For small teams, Prefect offers a lower barrier to entry because its open-source version is fully functional and free to self-host under the Apache-2.0 license. You can define workflows with simple Python decorators and scale up to Prefect Cloud when you need managed infrastructure. Mage also has an open-source option but its cloud pricing starts at $100/mo plus compute costs, which may add up for teams exploring their first pipelines. If your team prefers a visual notebook interface over writing Python code, Mage provides a gentler learning curve through its block-based pipeline editor.
Both platforms support dbt integration but take different approaches. Mage includes native dbt modeling support built directly into its pipeline execution environment, which means you can run dbt models as blocks alongside SQL, Python, and R code within the same workflow. Prefect integrates with dbt through the prefect-dbt package, which orchestrates dbt runs as tasks within a broader Python workflow. Both approaches work well, but Mage provides a more tightly integrated experience where dbt sits inside the same visual editor, while Prefect treats dbt as one component in a Python-first orchestration layer.
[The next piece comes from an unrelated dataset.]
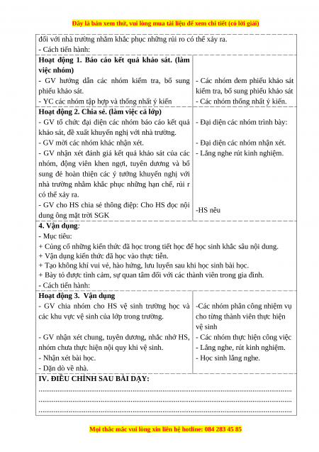 - Có ý thức giữ gìn và làm được một số việc phù hợp để giữ vệ sinh trường học và khu vực xung quanh. 2. Năng lực chung.

Both platforms offer strong deployment flexibility. Mage supports managed cloud, hybrid cloud, private cloud, and fully on-premises deployment, giving organizations complete control over where data is processed. Prefect provides a self-hosted open-source server and Prefect Cloud with a hybrid execution model where workers run in your infrastructure while the control plane is managed by Prefect. For strict data sovereignty requirements, Mage's on-premises option keeps everything in your data center, while Prefect's hybrid model means the orchestration control plane runs in Prefect's cloud but actual data processing stays in your environment.
Mage has invested heavily in AI-assisted pipeline development with its AI sidekick feature, which provides context-aware coding assistance, instant debugging, and the ability to generate workflows from natural language descriptions. Mage includes AI token budgets in each pricing tier, ranging from 50K tokens on the Starter plan to 50M tokens on the Enterprise plan. Prefect takes a different approach to AI by offering FastMCP, a framework with 23,600 GitHub stars for building MCP servers that connect AI agents to business systems. Prefect Horizon extends this with managed AI infrastructure for deploying MCP servers with gateway, registry, and governance capabilities.